Abstract

It is shown that decoding of cyclic codes in the DFT domain is equivalent to an appropriate deconvolution problem. A two-dimensional (2-D) generalization of Blahut's (1979) one-dimensional (1-D) linear complexity theorem is obtained and utilized to determine the error-correcting capability of 2-D BCH codes, as afforded by code's defining array of zeros, with regard to correction of burst-errors. The 2-D linear complexity theorem is further utilized to present a new approach for decoding of cyclic codes, in general, and 2-D BCH codes in particular. An alternative exposition of Blahut's decoding algorithms, in the DFT domain, for random and burst error correction in 2-D BCH codes is given from a deconvolution viewpoint. Some modifications for efficient implementation of Blahut's decoding algorithms for random and burst error correction are suggested and improved decoding algorithms are presented.

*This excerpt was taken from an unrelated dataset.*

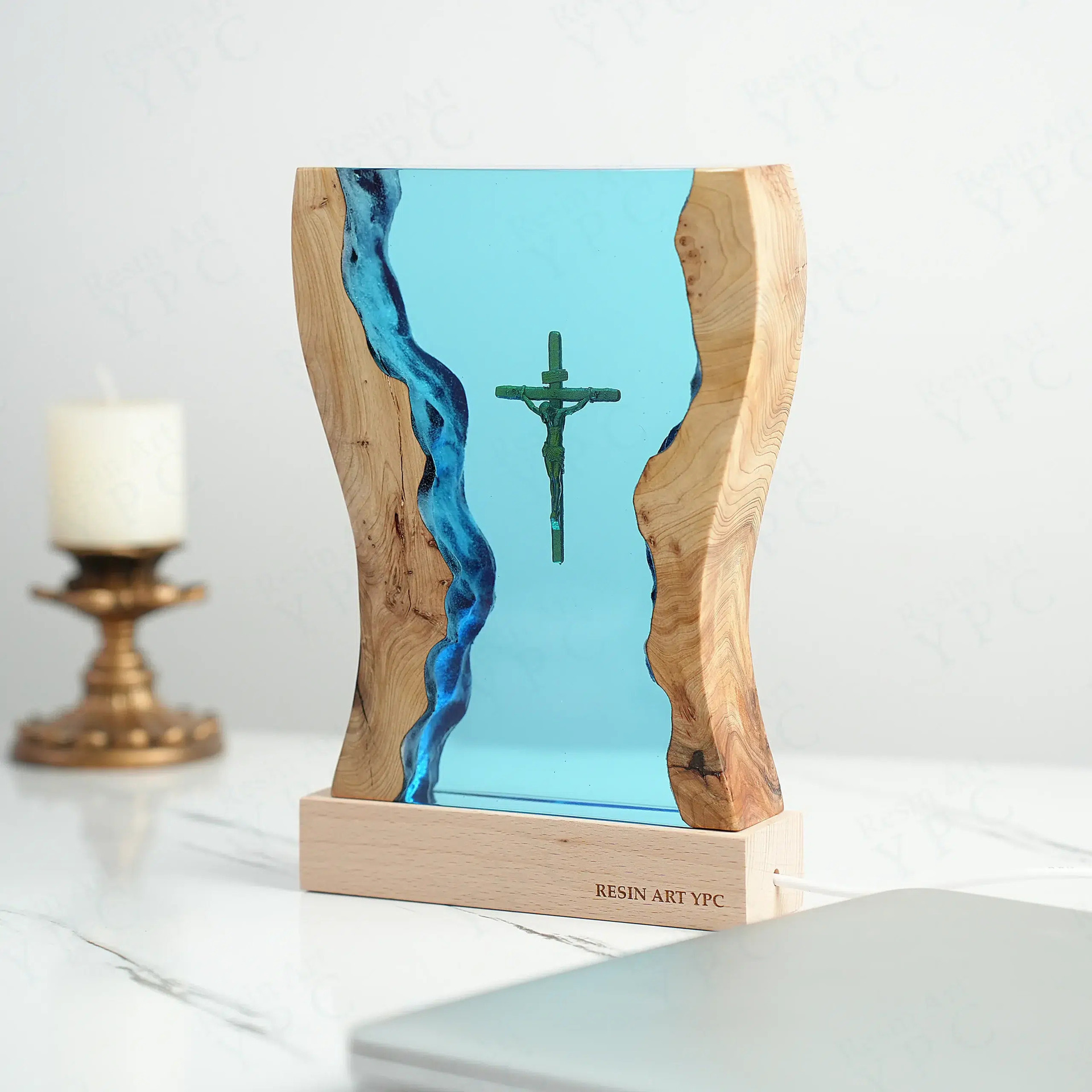 Discover this beautiful creative cross night light wooden epoxy resin desk decor, a perfect addition to your collection at Leonard & Hazel.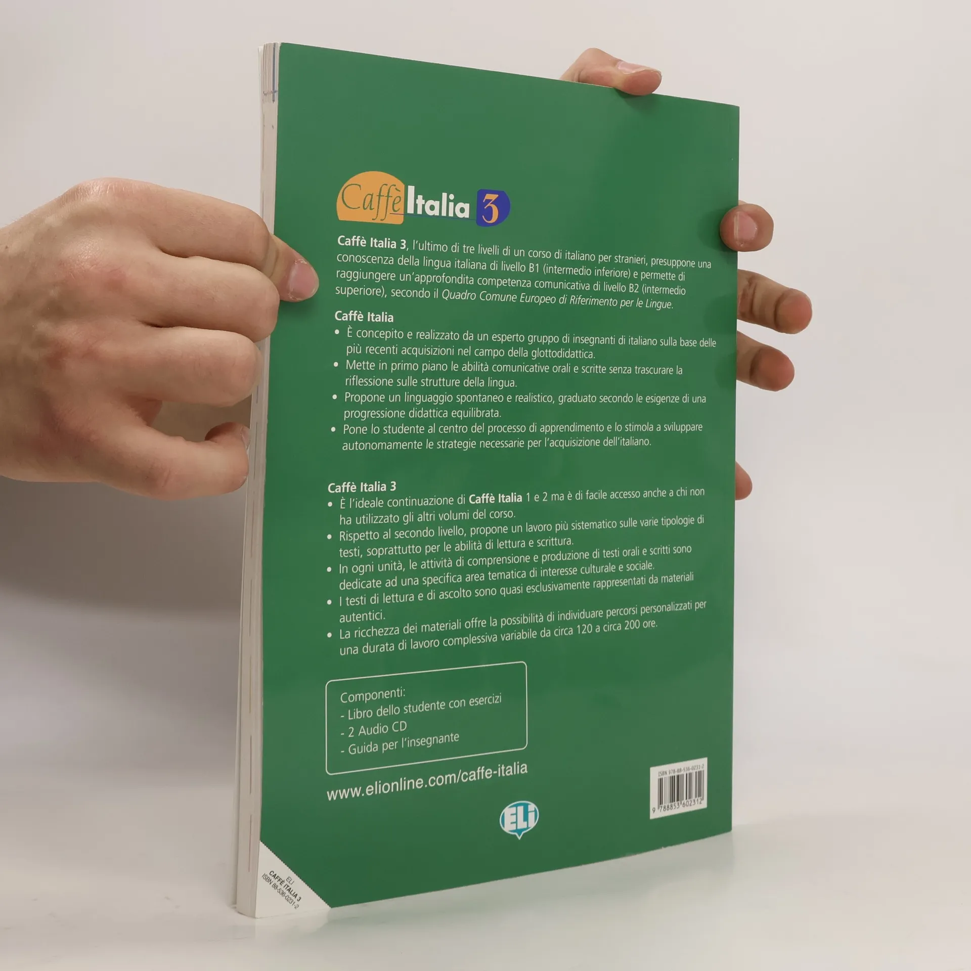 Caffé Italia 3, poslední ze tří dílů kurzu italštiny, předpokládá znalost jazyka na úrovni B1 a umožňuje dosažení velice dobré schopnosti komunikace v italštině na úrovni B2 dle Společného evropského referenčního rámce jazykových znalostí. Ideální je navázat na Caff� Italia 1 a 2, ovšem je velice snadné začít třetím dílem i když jste předchozí díly kurzu nepoužívali. Ve srovnání s druhým dílem předkládá systematičtější způsob práce s různými typy textů, především pro četbu a písemný projev. Aktivity procvičování porozumění, ústních a písemných testů se v každém oddíle věnují jednomu specifickému kulturnímu a společenskému tématu. Četbu i poslech představují skoro exkluzivní autentické materiály. Bohatost materiálů nabízí možnost individualizovat kurzy v celkovém počtu od 120 do 200 hodin. // Upozornění: Pokud na fotografii nejsou zobrazeny přílohy (CD, brožury, mapy apod.), pak tyto nejsou součástí.

It is shown that the improved decoding algorithm requires at most half the number of passes through the Berlekamp-Massey algorithm compared to the Blahut's decoding algorithm. It is shown that Blahut's decoding algorithms have optimal error-correcting capability and improved decoding algorithms have less computational complexity. A comparative study of various time- and spectral-domain implementations of 2-D BCH decoding algorithms is also given.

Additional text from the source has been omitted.